__Activity__.
Transcribe the entries below word for word, beginning at the line with "We have completely" and stopping after the line with "Product Name |"; drop all pictures.

__Source material__.

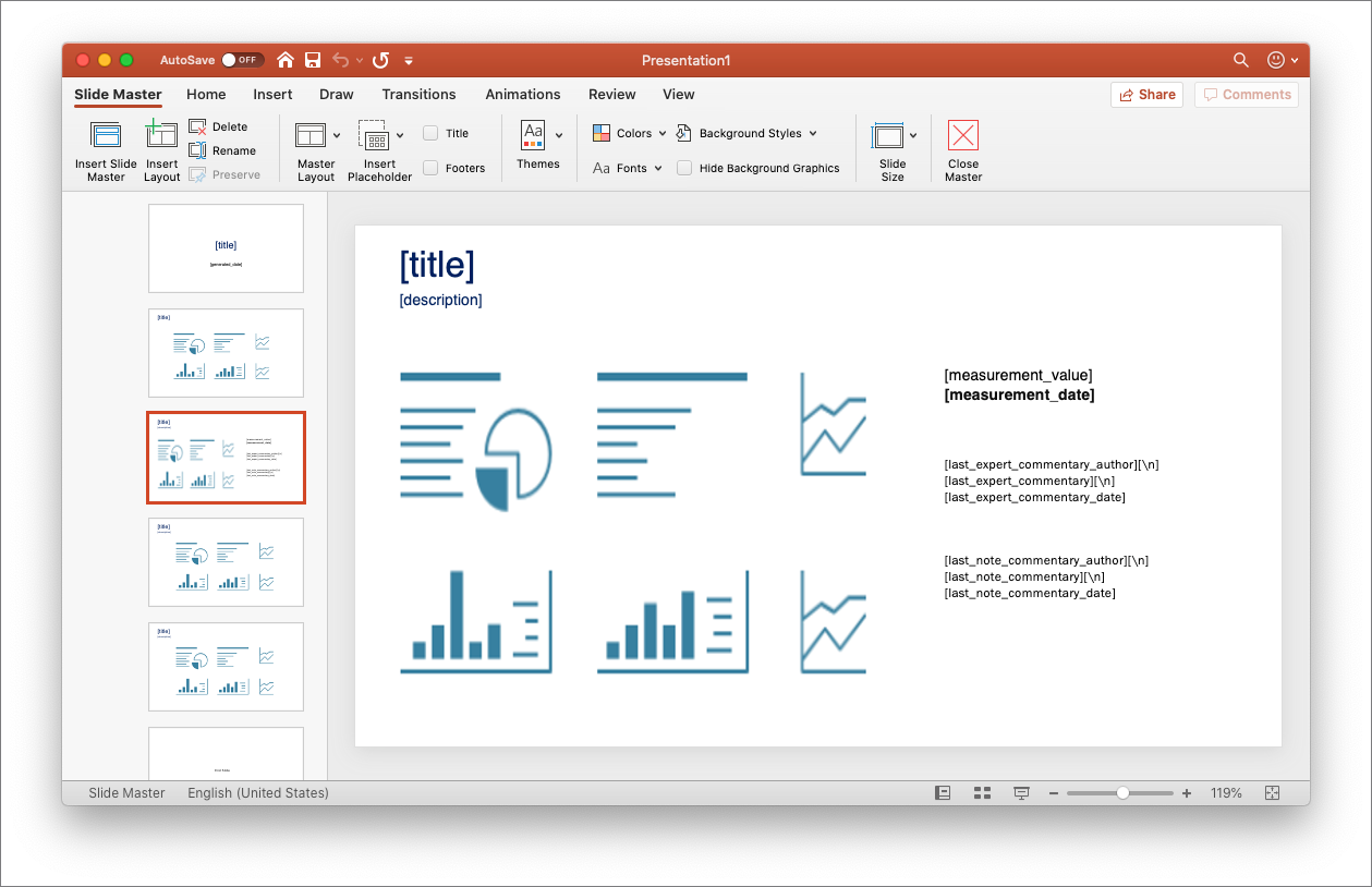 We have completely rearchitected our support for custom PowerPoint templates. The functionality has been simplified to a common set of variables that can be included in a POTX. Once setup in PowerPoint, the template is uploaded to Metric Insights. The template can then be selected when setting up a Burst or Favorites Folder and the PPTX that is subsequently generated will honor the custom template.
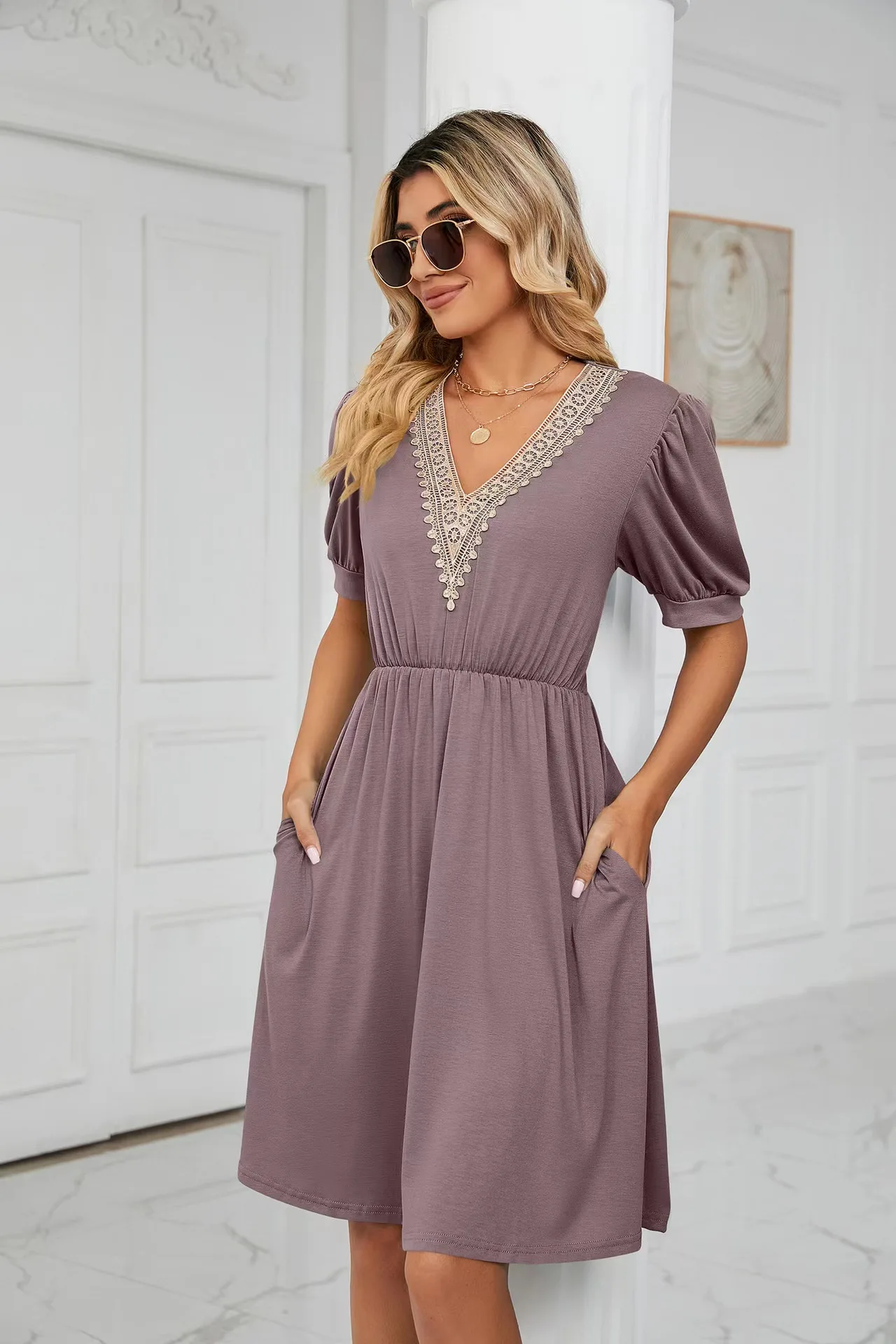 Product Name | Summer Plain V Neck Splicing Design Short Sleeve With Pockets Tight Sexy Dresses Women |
---
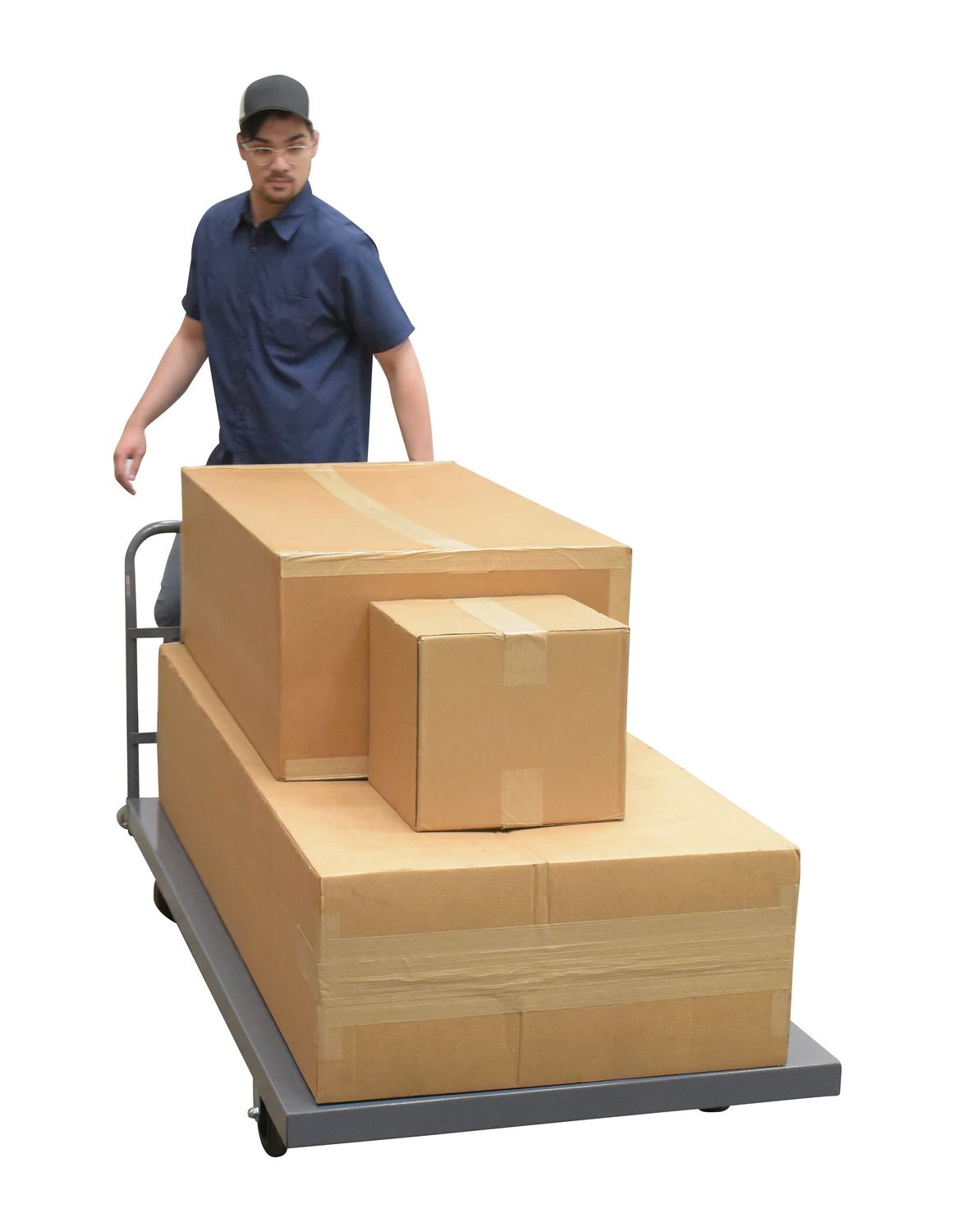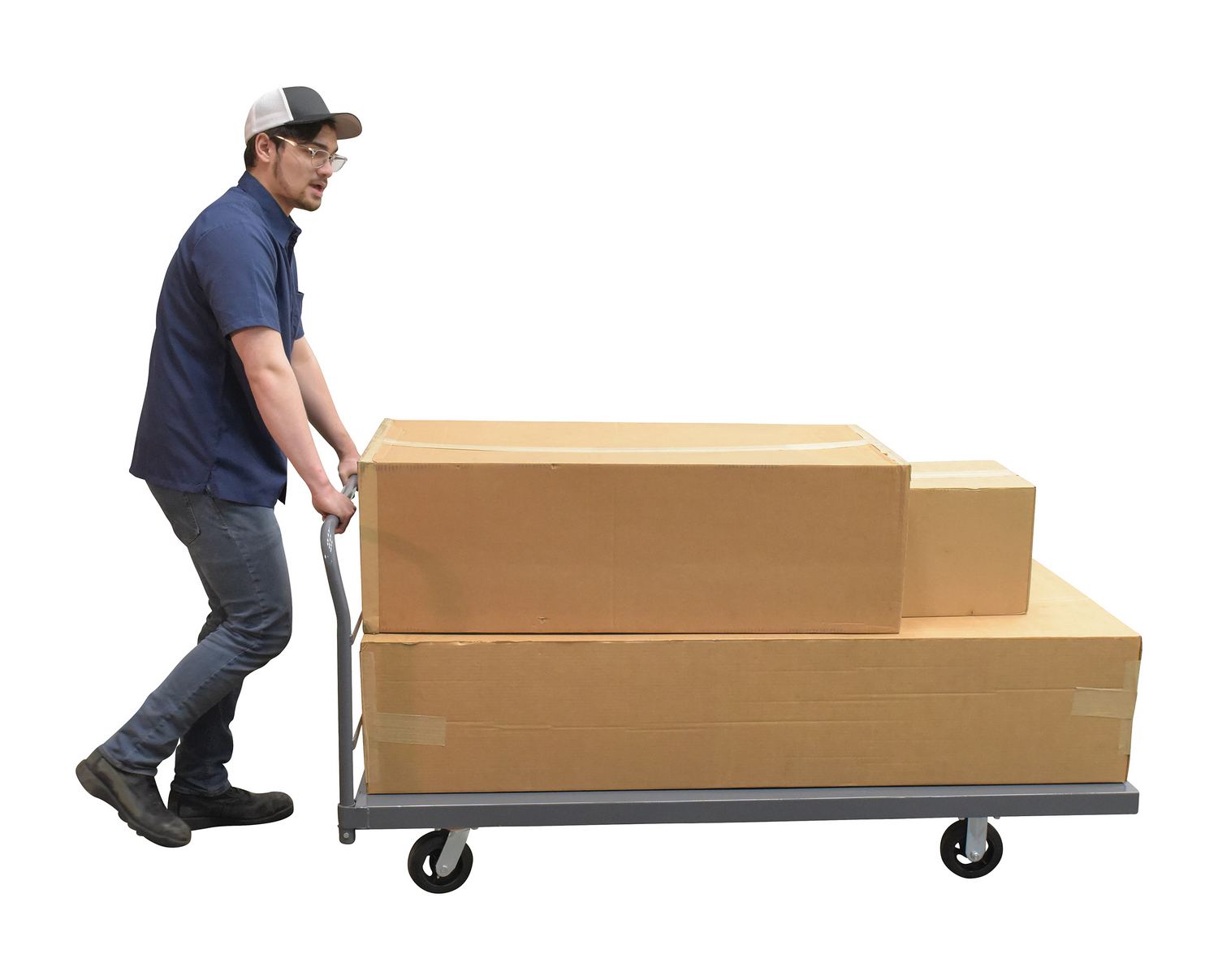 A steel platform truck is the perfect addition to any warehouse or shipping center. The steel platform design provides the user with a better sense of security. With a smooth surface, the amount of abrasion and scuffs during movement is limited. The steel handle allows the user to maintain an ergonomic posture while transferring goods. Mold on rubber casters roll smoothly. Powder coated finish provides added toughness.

__Exercise output__.
 We have completely rearchitected our support for custom PowerPoint templates. The functionality has been simplified to a common set of variables that can be included in a POTX. Once setup in PowerPoint, the template is uploaded to Metric Insights. The template can then be selected when setting up a Burst or Favorites Folder and the PPTX that is subsequently generated will honor the custom template.
 Product Name | Summer Plain V Neck Splicing Design Short Sleeve With Pockets Tight Sexy Dresses Women |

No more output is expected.